To determine if the number of recorded contacts for a pair of dogs were likely to be a result of random encounters of dogs moving within their AR, we simulated random encounters by using the original time and distance between subsequent location records but randomised direction of movement, constrained within the real AR for each dog. The average of 50 simulations was used to represent the number of chance encounters between a pair of dogs. As the AR of some dogs did not overlap, pairs with zero random encounters were removed from further analyses. Actual contacts for the remaining pairs were compared with simulated contacts and evaluated using a Welch's two sample t-test [30]. The whole procedure (both actual and simulated contacts), as well as the daily distance calculations and AR estimates were performed with programs written in Visual Basic 6.0 (Microsoft Corp.) by one of the authors (G.K). The programs enable the user to set parameter limitations that prevail in the dataset analysed (e.g. duration between successive fixes, altering distance threshold), ensuring application to a wide variety of datasets. Data are presented as mean ±1 standard deviation; N =  number of observations.

Research was conducted with approval from the UNE Animal Ethics Committee (AEC13-009). Fieldwork was carried out with permission from Tiwi Islands Shire Council.

Results

During transect walks, an average of 147±18 dogs were observed, with only 9.8±2.5% of dogs confined to a yard. Including the 20 GPS-collared dogs, 163 dogs were individually recognisable and all of these dogs were resighted during the transect walks. Subsequently, the community dog population was estimated at 326±52 (N = 15), with an average of 1.1 dogs per household (21 dogs per 100 people; data based on [31]). This represents all dogs within the community, including owned free-roaming, confined and stray dogs greater than 6 weeks of age.
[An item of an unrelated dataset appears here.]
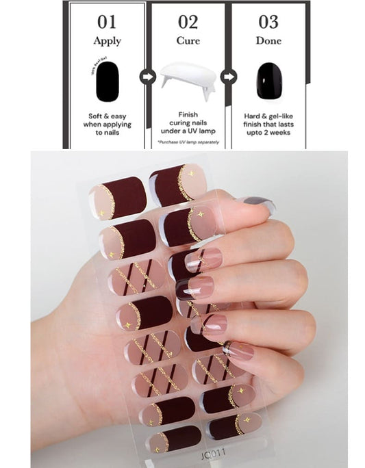 Happy Pink Brown Semi Cured Gel Nail Strips
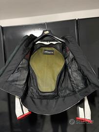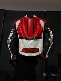 Giacca in pelle, tg 46, con para schiena integrato, protezioni spalle gomiti e gobba, slider in titanio spalle e gomiti, interamente fatta a mano, il nome sul retro è scucibile.

Consequently, the sample of dogs fitted with GPS collars (N = 20) represented 6.1% of the population. Data were retrieved from 17 dogs (i.e. 5.2% of dog population); two collars were lost, while another became dysfunctional when bitten by a dog shortly after deployment. Solitary dogs were observed most often, with social groups ranging in size from 2 to 7 individuals. Size of social groups, determined from transect observations (N = 1 423 groups observed), correlated strongly with those estimated for the GPS-collared dogs (transect walk  =  GPS data*0.76+3.48, r2 = 0.97, P<0.001; Fig. 1). Overall, GPS-collared dog social groupings were smaller compared with transect observations because not all dogs were collared within the community.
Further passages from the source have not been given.